For the Birds – Cornell Lab of Ornithology Launches Archive of Bird Calls and Animal Sounds

Ornithologists and bird watchers rejoice. After a dozen years, The Cornell Lab of Ornithology’s Macaulay Library has fully digitized its nearly 150,000 audio recordings (a total running time of 7,513 hours), representing close to 9,000 different species, such as the very unsettling-sounding Barred Owl (above). While the collection also includes the sounds of whales, elephants, frogs, primates, and other animals, the primary emphasis here is on birds (it is a Lab of Ornithology, after all), and there is an incredible range of calls. Cornell recommends some of the highlights below:

Earliest recording: Cornell Lab founder Arthur Allen was a pioneer in sound recording.
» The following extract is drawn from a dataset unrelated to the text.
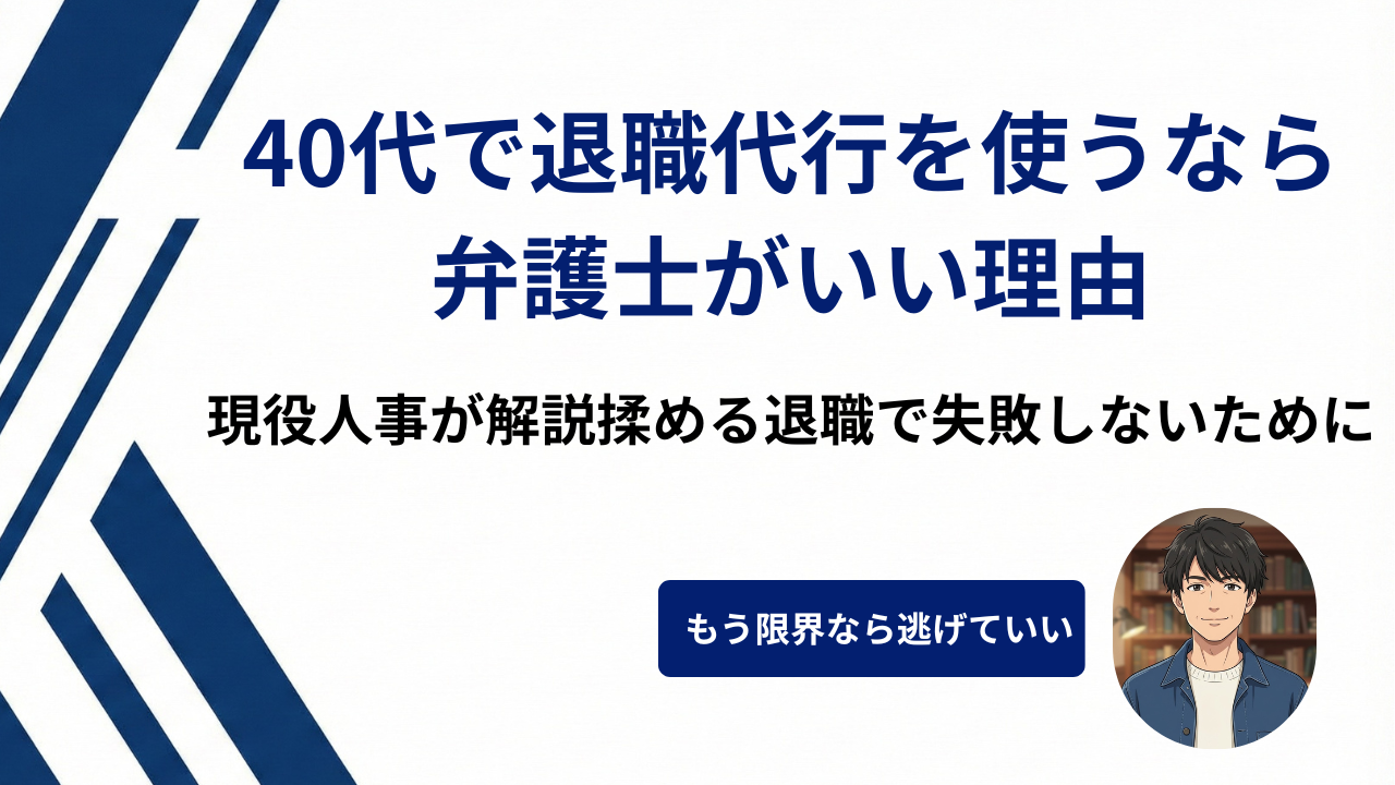 現役人事の視点から、40代が退職代行を使うべきケースと、弁護士を選ぶべき理由を解説します。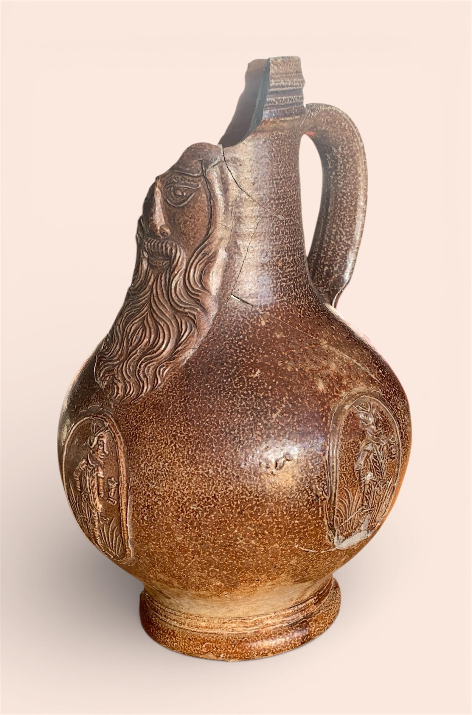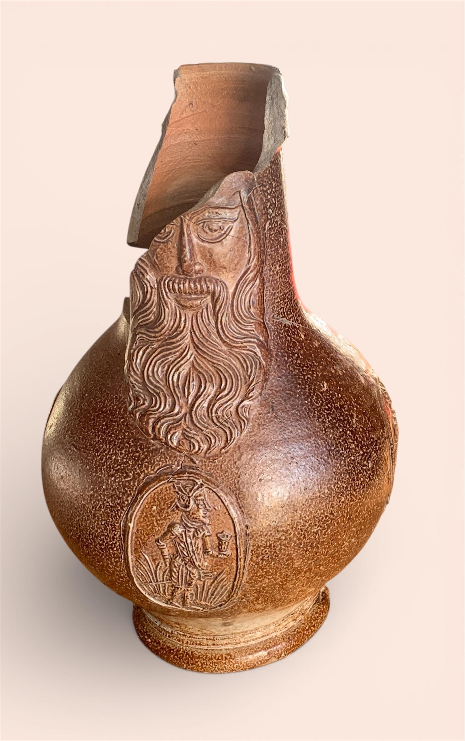 Feature description: Bartmann jug with mask and three medallions.

On a spring day in 1929 he recorded this Song Sparrow sounding much as they do today

Youngest bird: This clip from 1966 records the sounds of an Ostrich chick while it is still inside the egg – and the researchers as they watch

Liveliest wake-up call: A dawn chorus in tropical Queensland, Australia is bursting at the seams with warbles, squeals, whistles, booms and hoots

Best candidate to appear on a John Coltrane record: The indri, a lemur with a voice that is part moan, part jazz clarinet

Most spines tingled: The incomparable voice of a Common Loon on an Adirondacks lake in 1992

Most erratic construction project: the staccato hammering sounds of a walrus under water

Most likely to be mistaken for aliens arriving: Birds-of-paradise make some amazing sounds – here’s the UFO-sound of a Curl-crested Manucode in New Guinea

Whether you’re an enthusiastic birder, practicing scientist, or sound-sample hunter, you’ll find something to blow your mind at the extensive collections of the Macaulay Library. Both amateur and professional naturalists, for example, can acquire, visualize, measure, and analyze animal sounds with a free version of the Cornell Lab’s proprietary interactive sound analysis software, Raven.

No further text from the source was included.